Holly’s most recent book, City of Light, City of Poison: Murder, Magic, and the First Police Chief of Paris (W.W. Norton), follows the first police chief, Nicolas de la Reynie, as he works tirelessly to root out organized crime in the city only to find a cabal of poisoners, witches, and unholy priests whose dark works go all the way to the gilded halls of Louis XIV’s Versailles. From La Reynie’s personal notes, interrogation records, torture accounts, and other memoirs comes an unforgettable true account of wicked deeds and dark souls in the City of Light.

Holly is also the author of Blood Work (W.W. Norton, 2011), a story set in seventeenth-century London and Paris about political infighting, professional backstabbing, and the struggle to control the most powerful commodity in seventeenth-century Europe: knowledge, and Pregnant Fictions: Childbirth and the Fairy Tale in Early Modern France (Wayne State University Press, 2003), which tells of how male medical authorities and female literary authors struggled to describe the inner workings of the unseen – and competed to shape public understanding of it

Books by Holly

Holly Tucker City of Light City of Poison Cover

City of Light, City of Poison

Appointed to conquer the “crime capital of the world,” the first police chief of Paris faces an epidemic of murder in the late 1600s. 

From secret courtrooms to torture chambers, City of Light, City of Poison (W.W. Norton) is a gripping true-crime tale of deception and murder. Based on thousands of pages of court transcripts and La Reynie’s compulsive note-taking, as well as on letters and diaries, Tucker’s riveting narrative makes the fascinating, real-life characters breathe on the page.

Blood Work by Holly Tucker Cover

Blood Work

On a cold day in 1667, the renegade Jean-Baptiste Denis plucked an insane man off the streets of Paris and transfused him with cow’s blood. A few days later, the patient was dead – and the transfusionist soon faced murder charges…

Set in seventeenth-century London and Paris, Blood Work (W.W. Norton, 2011) is a story of political infighting, professional backstabbing, and the struggle to control the most powerful commodity in seventeenth-century Europe:  knowledge.
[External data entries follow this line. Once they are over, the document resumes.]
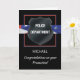 Honour a dedicated officer’s achievement with this personalised Police Department Promotion card. Featuring a bold black background, the design showcases a distinguished police badge with “Police Department” and “Congratulations on Your Promotion” displayed proudly. A folded American flag is woven behind the badge, symbolising service, honour, and dedication. This special variation allows for customisation with the officer’s name, making it a truly personal and meaningful keepsake. The inside message recognises their hard work and commitment as they take on their new role. A perfect way to celebrate their success and show appreciation for their service.
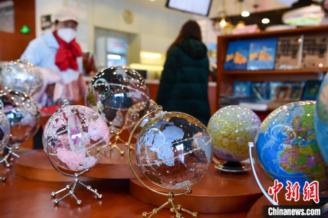 市民在北京一家地圖主題書(shū)店選購(gòu)地球儀。田雨昊 攝
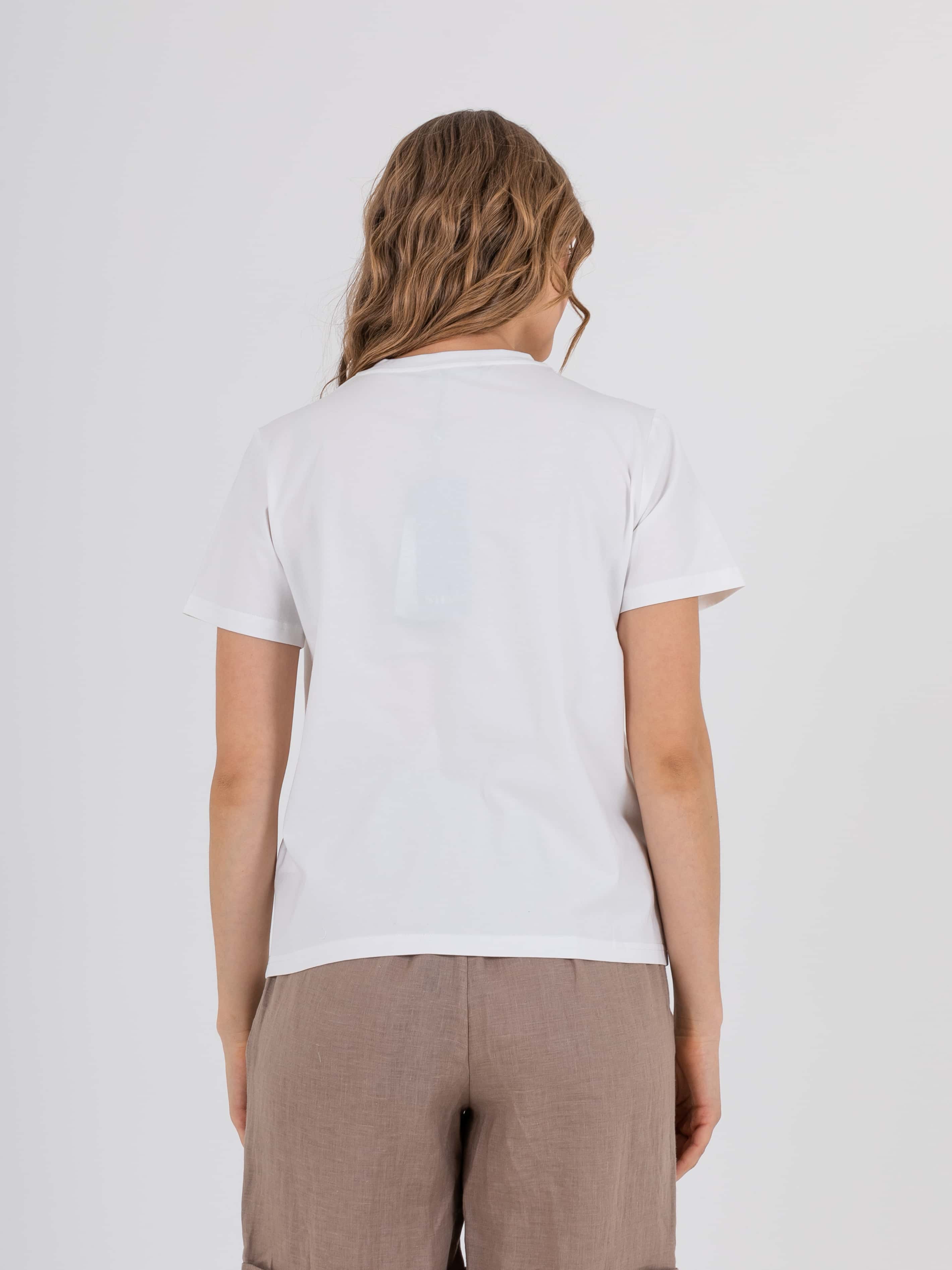 Укороченная футболка прямого силуэта из легкого хлопка с добавлением спандекса. По переду выполнен яркий принт с вышивкой пайетками и стразами. Укороченные втачные рукава. Круглый вырез горловины.
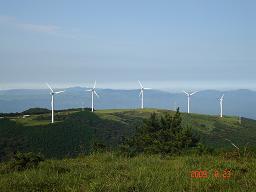 | もうススキの穂が開いています。ウインドテック 小国の風力発電所が近くに見えます。 |
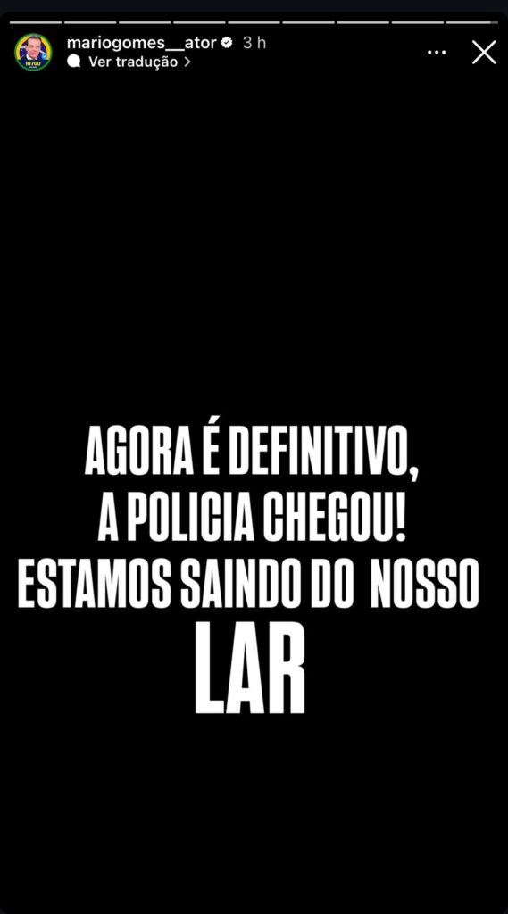 Nos Stories do Instagram, o artista respondeu algumas perguntas dos seguidores nesta quinta-feira (19) e afirmou a chegada da polícia em sua casa nesta sexta. “Agora é definitivo, a polícia chegou! Estamos sem o nosso lar”, escreveu ele.
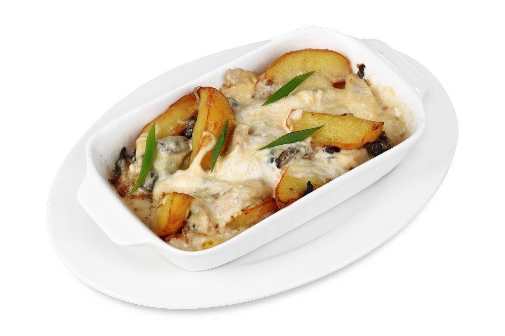 картофель, сливочный соус, лук, чеснок, сыр
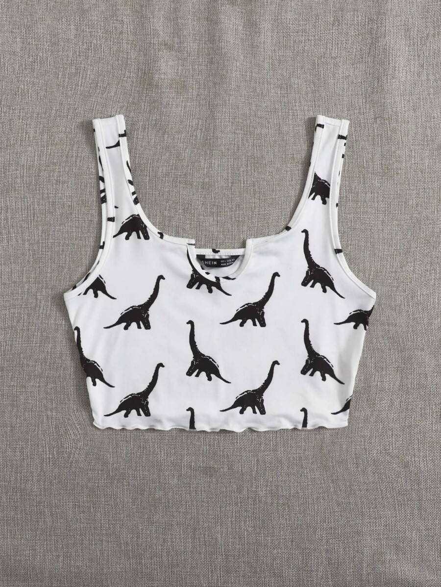لباس علوي تانك بحافة نمط الخس وبياقة مسنن

Pregnant Fictions by Holly Tucker

Pregnant Fiction

Pregnant Fictions (Wayne State University Press, 2003) tells of how male medical authorities and female literary authors struggled to describe the inner workings of the unseen – and competed to shape public understanding of it.

In illuminating the gender politics underlying dramatic changes in reproductive theory and practice, Tucker shows just how tenuous the boundaries of scientific “fact” and marvelous fictions were in early-modern France.